Мать стояла вполоборота к Окуню в стареньком ситцевом халате, в цветастом переднике и губкой мыла тарелку с голубой каёмкой. Тарелку, из которой всегда ел отец, и шутил при этом, что тарелочка, как у Ильфа и Петрова, с голубой каёмочкой, только миллион на тарелочку никто не положил.

Лицо Веры Ивановны, обычно строго-энергичное и властное, сейчас было задумчивым, печальным даже, таким, что Окунь застыл на месте, пронзённый жалостью к матери. В свои сорок три года она была привлекательна и, пожалуй, нравилась мужчинам, и он не раз думал, почему она не вышла вторично замуж, пока не понял, что она, наверное, до сих пор любит отца. Вот и сейчас она мысленно находилась далеко-далеко, словно и не было её здесь, только одни маленькие руки в резиновых перчатках сноровисто делали привычное дело.

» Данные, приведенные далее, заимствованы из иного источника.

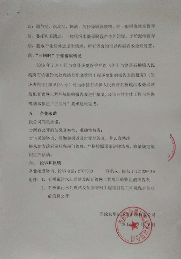 2016年7月6日當(dāng)涂縣環(huán)境保護(hù)局以《關(guān)于當(dāng)涂縣石橋鎮(zhèn)人民政府石橋鎮(zhèn)污水處理站及配套管網(wǎng)工程環(huán)境影響報(bào)告表的批復(fù)》(當(dāng)環(huán)表批字[2016]36號(hào))對(duì)當(dāng)涂縣石橋鎮(zhèn)人民政府石橋鎮(zhèn)污水處理站及配套管網(wǎng)工程環(huán)境影響報(bào)告表進(jìn)行批復(fù)。公司目前主體工程與環(huán)保等基本按照“三同時(shí)”要求建設(shè)完成。
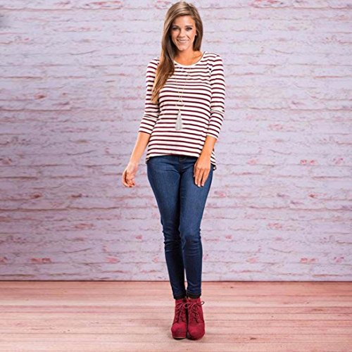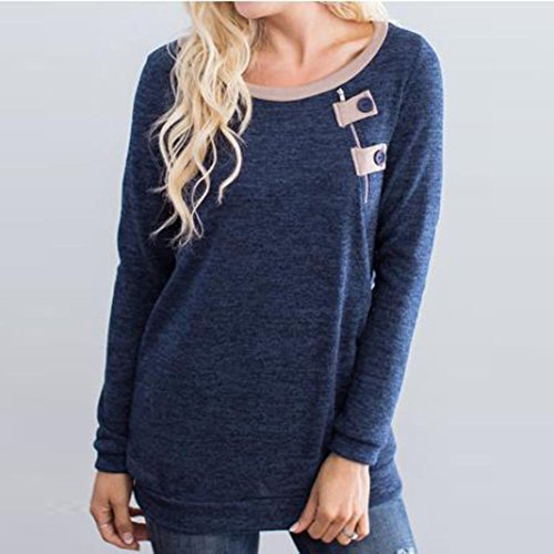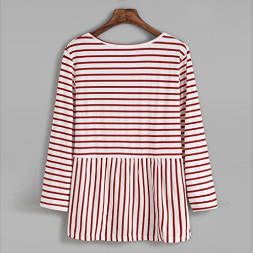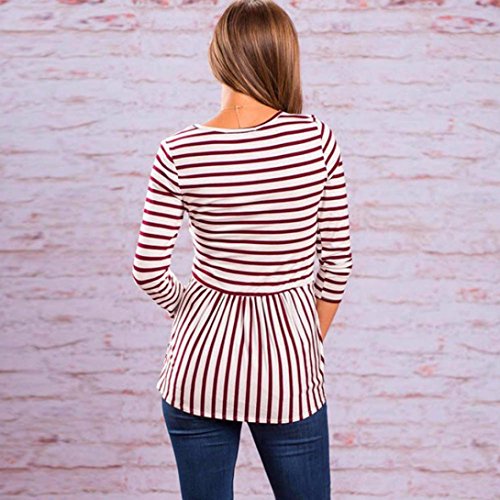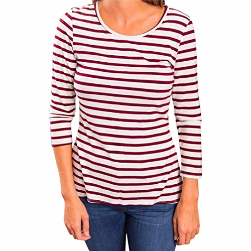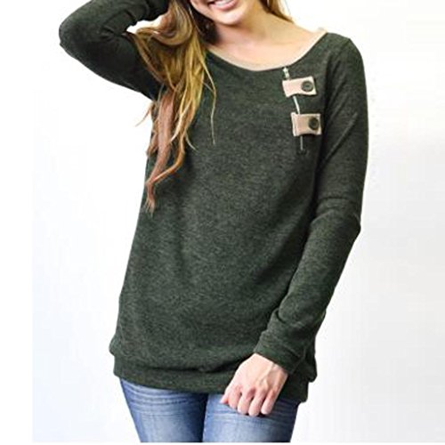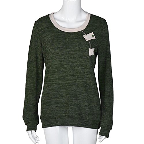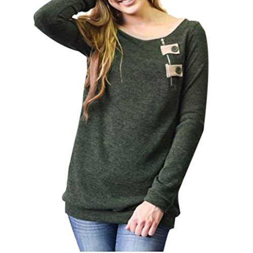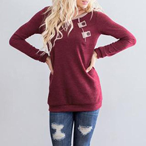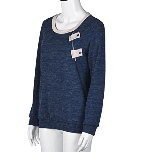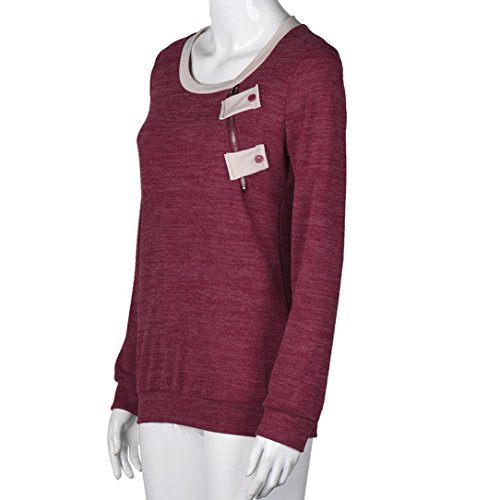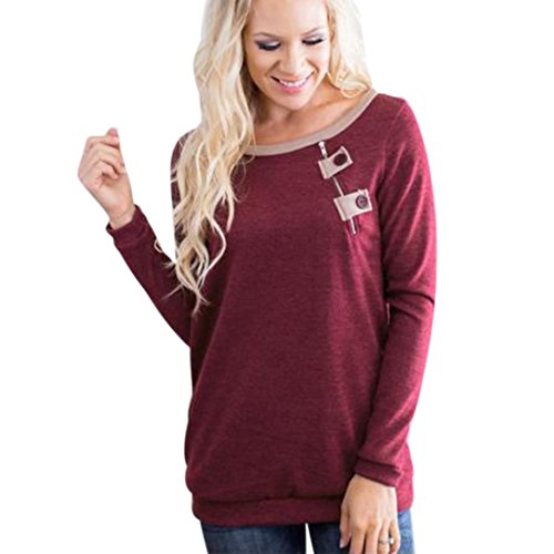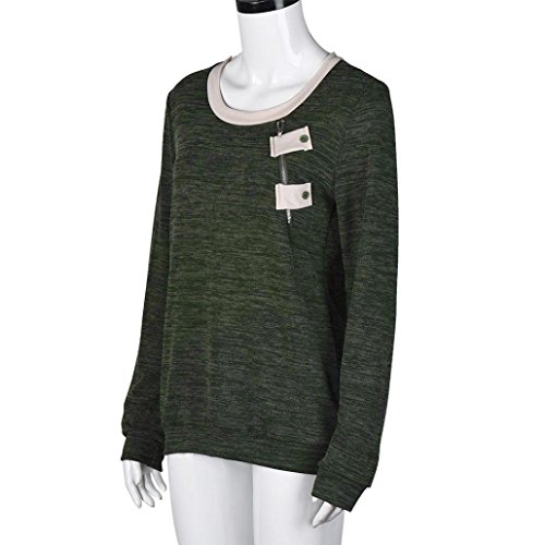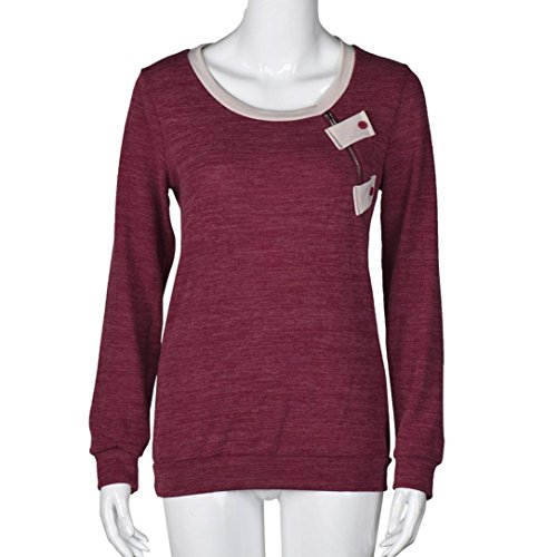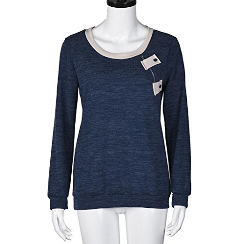 | Sunward(TM) Women Fashion Hedging Round Neck Striped Zipper Button Long-sleeved T-shirt (XLarge... |

Окунь вспомнил, какая мать была семь лет назад, когда отец жил с ними, весёлая и энергичная. Она тормошила без конца отца, что-то предлагала переделать в квартире, что-то купить, или звала его в театр. А отец вяло сопротивлялся. Он так и  запомнился Василию - лежащим на диване с книгой в руках. Оживал отец лишь во время телевизионных хоккейных матчей. Он был тогда лениво-важным, знающим себе цену, всё на нём сверкало, а мать - улыбчивая, но в глазах всегда таилась строгость.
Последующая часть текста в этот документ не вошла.